## [ACTIVITY]
Each line in the material below, starting at the one that contains "供電電感在電流規格屬 36A 版本,比以往的" and ending at the one that contains "Queste ultime (25", should be repeated exactly; the pictures should not.

## [SOURCE DATA]
● ● ●

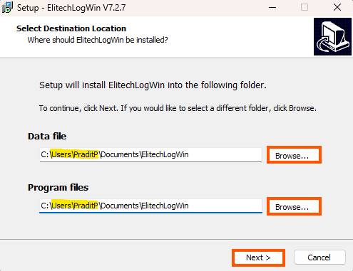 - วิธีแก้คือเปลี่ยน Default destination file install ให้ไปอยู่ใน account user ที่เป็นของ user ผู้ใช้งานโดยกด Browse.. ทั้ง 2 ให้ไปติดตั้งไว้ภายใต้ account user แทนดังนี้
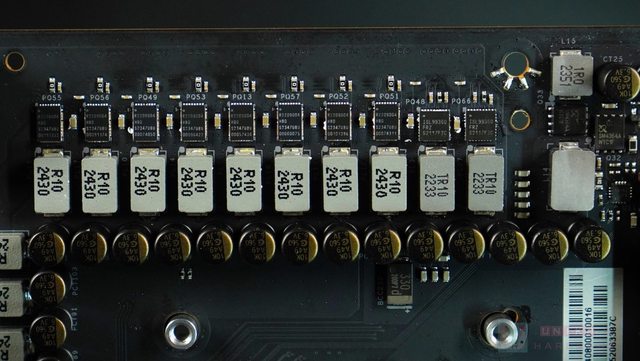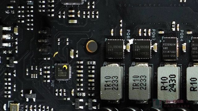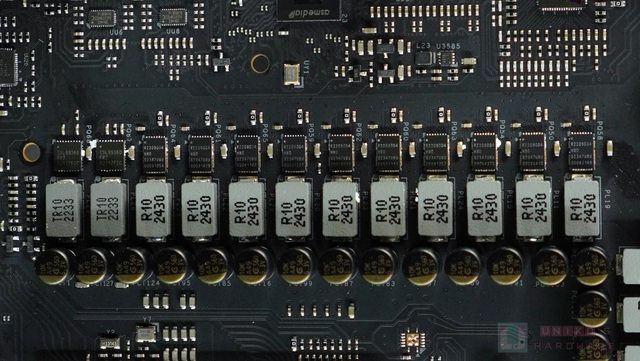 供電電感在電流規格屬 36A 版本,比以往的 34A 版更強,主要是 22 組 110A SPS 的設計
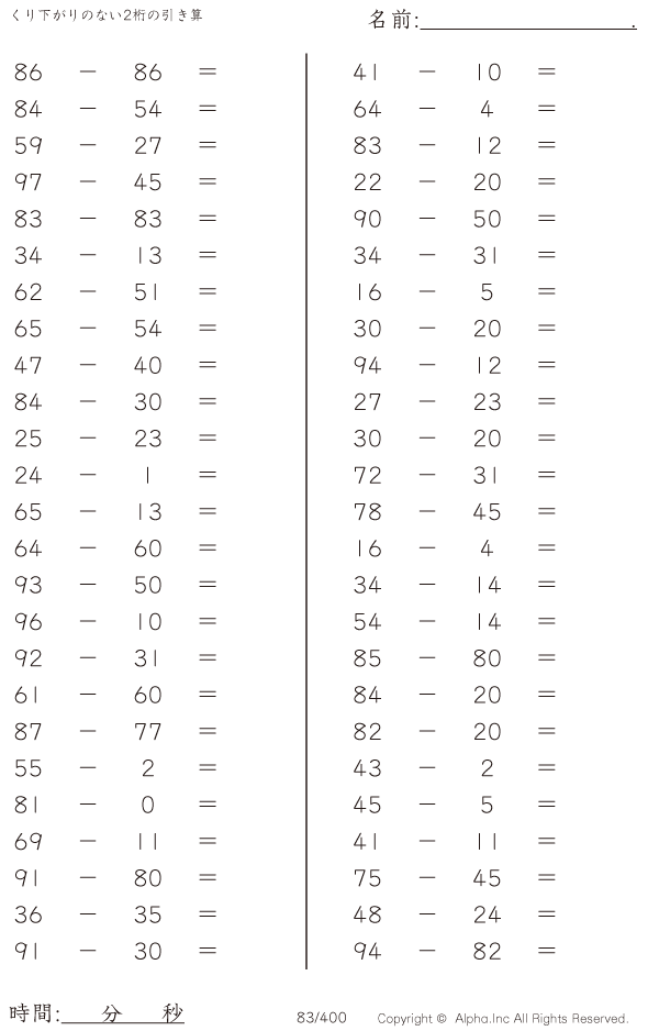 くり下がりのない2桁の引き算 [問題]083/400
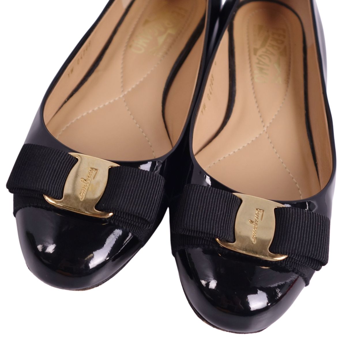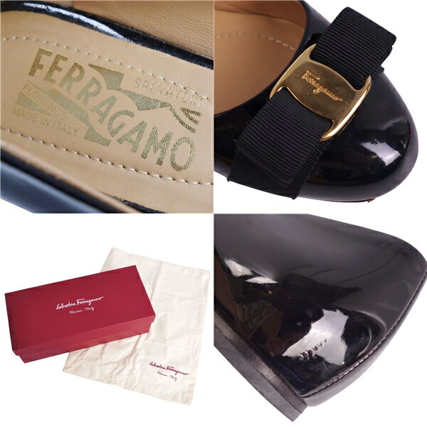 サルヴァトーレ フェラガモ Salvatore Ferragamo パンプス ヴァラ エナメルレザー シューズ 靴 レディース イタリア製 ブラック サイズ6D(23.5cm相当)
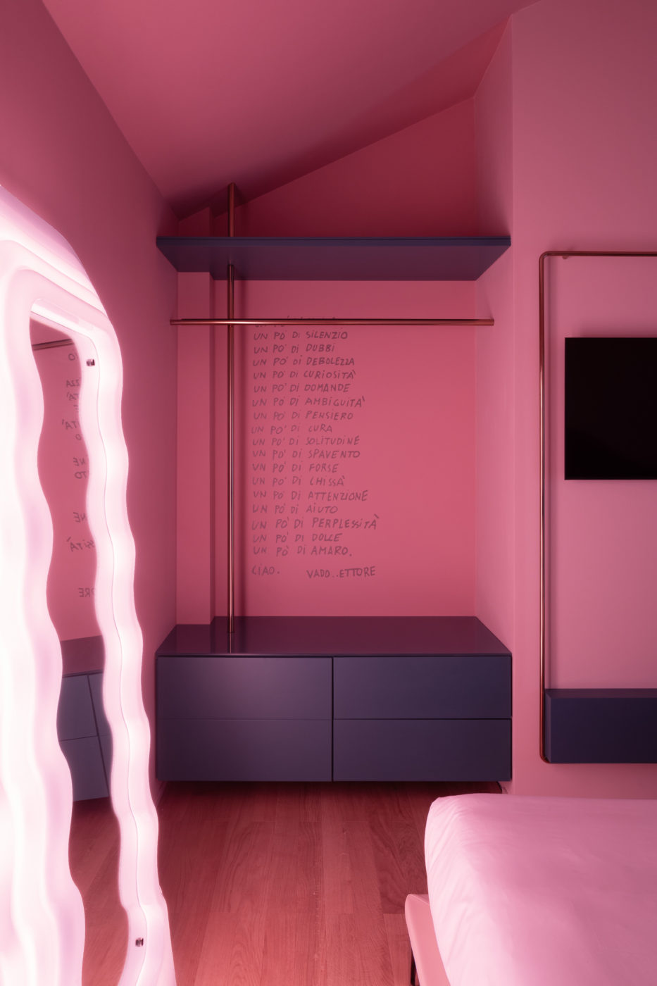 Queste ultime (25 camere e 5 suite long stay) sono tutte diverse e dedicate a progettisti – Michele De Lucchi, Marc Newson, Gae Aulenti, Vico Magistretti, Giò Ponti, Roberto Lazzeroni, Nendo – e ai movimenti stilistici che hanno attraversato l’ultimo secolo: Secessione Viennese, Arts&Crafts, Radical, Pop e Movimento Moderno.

● ● ●

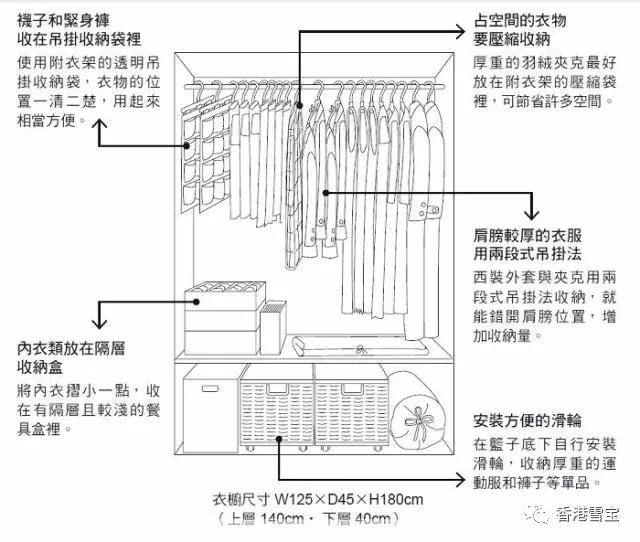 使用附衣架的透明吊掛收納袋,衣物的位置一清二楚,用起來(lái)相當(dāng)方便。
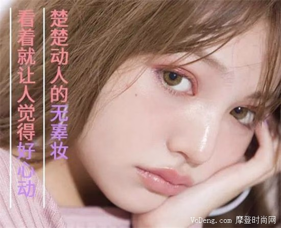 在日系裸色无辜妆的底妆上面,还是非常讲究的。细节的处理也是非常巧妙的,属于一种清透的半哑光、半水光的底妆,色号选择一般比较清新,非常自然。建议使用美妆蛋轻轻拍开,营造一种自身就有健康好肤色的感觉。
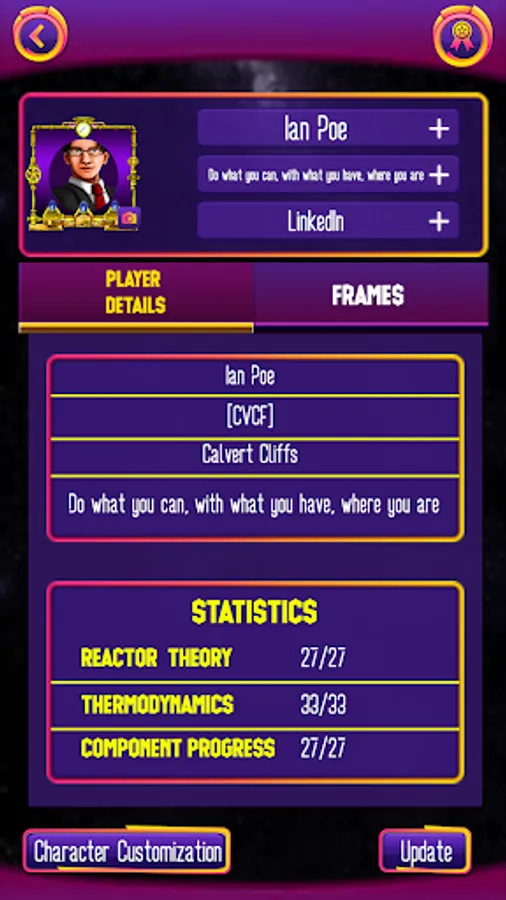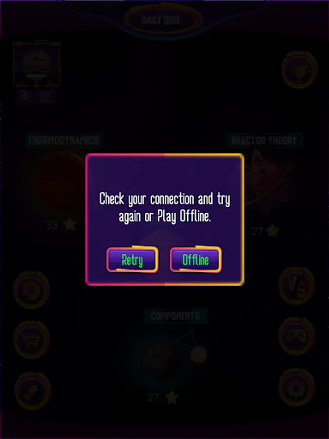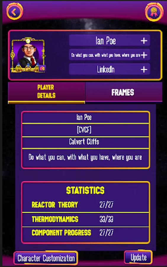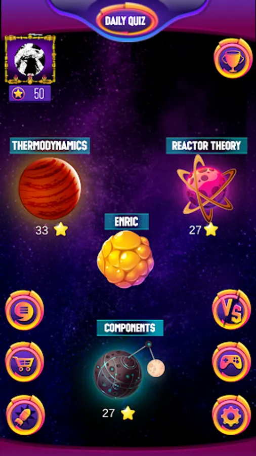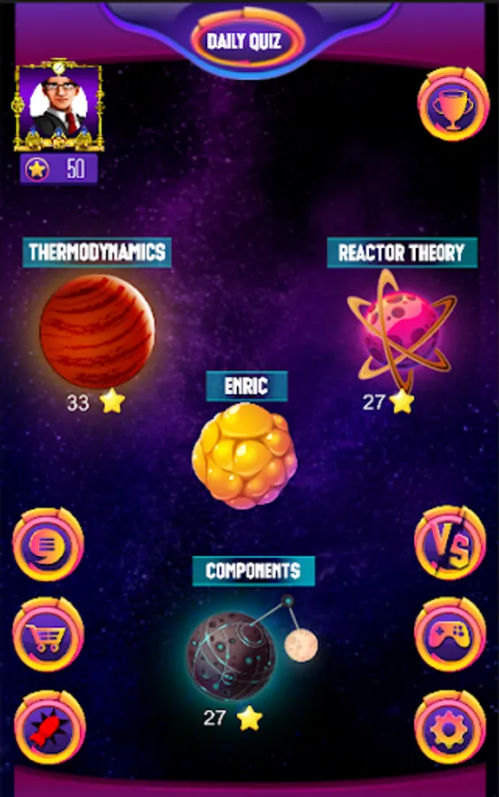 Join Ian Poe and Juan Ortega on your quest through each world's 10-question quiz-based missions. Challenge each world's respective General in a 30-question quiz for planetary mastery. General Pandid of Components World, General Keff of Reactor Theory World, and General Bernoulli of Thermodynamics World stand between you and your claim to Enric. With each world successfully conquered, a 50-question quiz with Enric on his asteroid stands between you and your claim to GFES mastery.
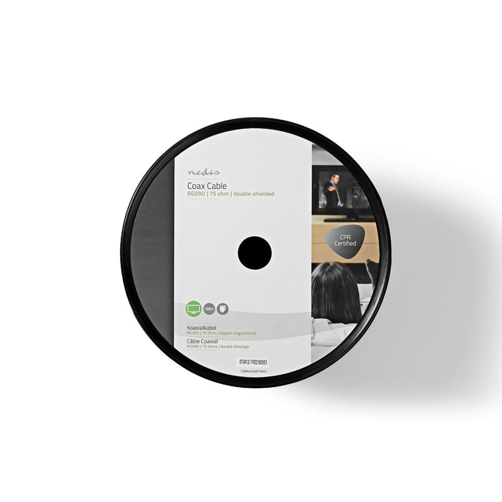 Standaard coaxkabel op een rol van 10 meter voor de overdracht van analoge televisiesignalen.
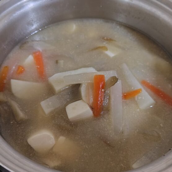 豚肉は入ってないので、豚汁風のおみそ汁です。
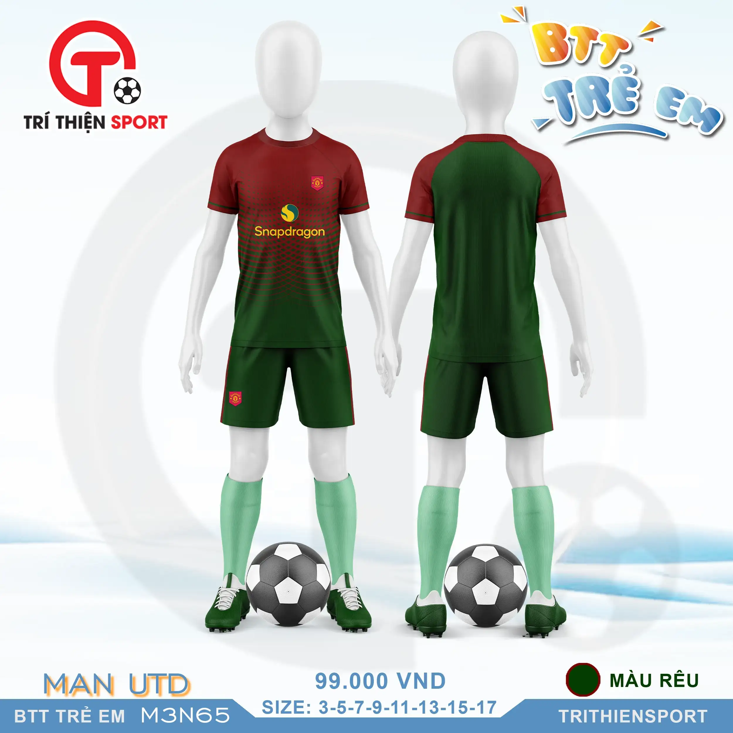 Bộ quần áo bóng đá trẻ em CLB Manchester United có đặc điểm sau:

● ● ●

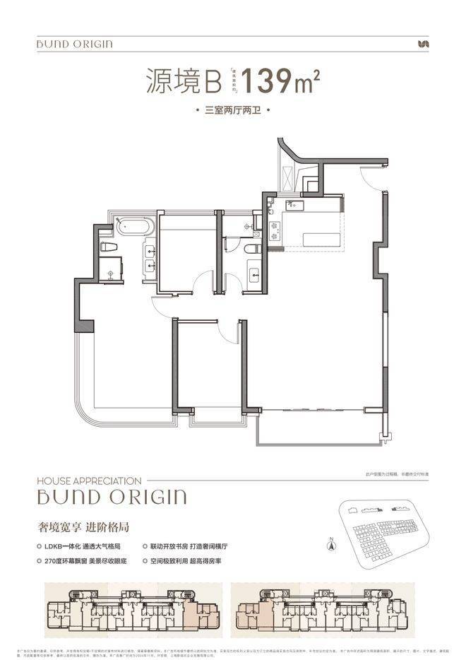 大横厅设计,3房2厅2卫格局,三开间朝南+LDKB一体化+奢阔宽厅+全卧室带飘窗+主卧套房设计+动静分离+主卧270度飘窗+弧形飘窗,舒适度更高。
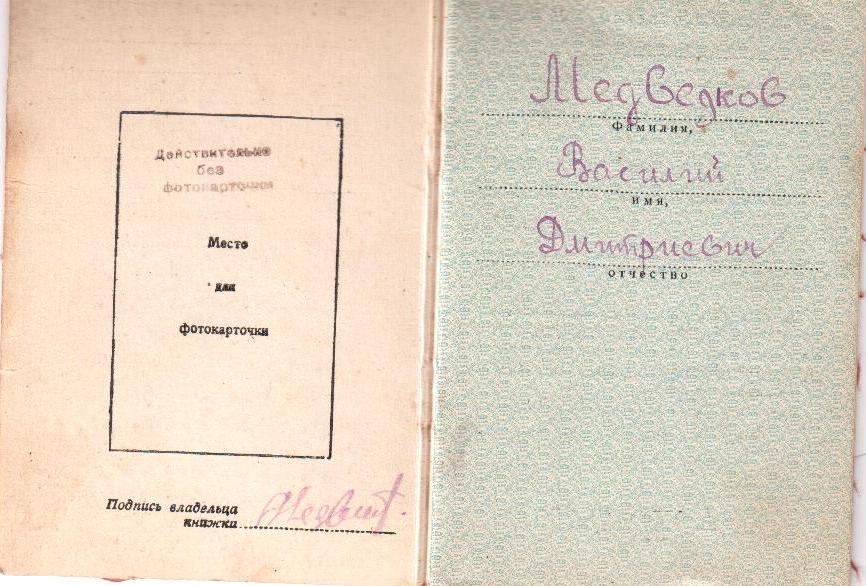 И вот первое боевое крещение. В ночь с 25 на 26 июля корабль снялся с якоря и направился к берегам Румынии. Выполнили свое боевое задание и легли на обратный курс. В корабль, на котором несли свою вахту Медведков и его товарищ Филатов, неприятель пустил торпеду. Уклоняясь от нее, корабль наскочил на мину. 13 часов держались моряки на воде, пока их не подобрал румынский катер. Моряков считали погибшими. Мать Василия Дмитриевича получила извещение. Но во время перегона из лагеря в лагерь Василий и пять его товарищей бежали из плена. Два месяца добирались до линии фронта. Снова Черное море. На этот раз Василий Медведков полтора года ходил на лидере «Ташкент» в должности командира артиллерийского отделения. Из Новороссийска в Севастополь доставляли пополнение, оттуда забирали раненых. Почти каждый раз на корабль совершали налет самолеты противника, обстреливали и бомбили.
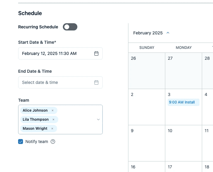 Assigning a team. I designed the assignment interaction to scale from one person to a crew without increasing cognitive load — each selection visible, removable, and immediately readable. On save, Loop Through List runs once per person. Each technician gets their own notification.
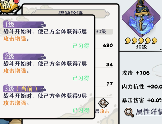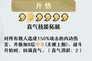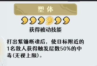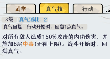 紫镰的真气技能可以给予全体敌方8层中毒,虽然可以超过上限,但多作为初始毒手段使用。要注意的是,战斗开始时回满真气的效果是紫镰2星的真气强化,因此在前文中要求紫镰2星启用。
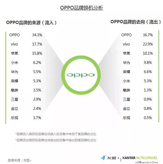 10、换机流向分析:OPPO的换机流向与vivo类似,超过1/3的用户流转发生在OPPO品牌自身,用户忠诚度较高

● ● ●

## [EXPECTED OUTPUT]
 供電電感在電流規格屬 36A 版本,比以往的 34A 版更強,主要是 22 組 110A SPS 的設計
 くり下がりのない2桁の引き算 [問題]083/400
 サルヴァトーレ フェラガモ Salvatore Ferragamo パンプス ヴァラ エナメルレザー シューズ 靴 レディース イタリア製 ブラック サイズ6D(23.5cm相当)
 Queste ultime (25 camere e 5 suite long stay) sono tutte diverse e dedicate a progettisti – Michele De Lucchi, Marc Newson, Gae Aulenti, Vico Magistretti, Giò Ponti, Roberto Lazzeroni, Nendo – e ai movimenti stilistici che hanno attraversato l’ultimo secolo: Secessione Viennese, Arts&Crafts, Radical, Pop e Movimento Moderno.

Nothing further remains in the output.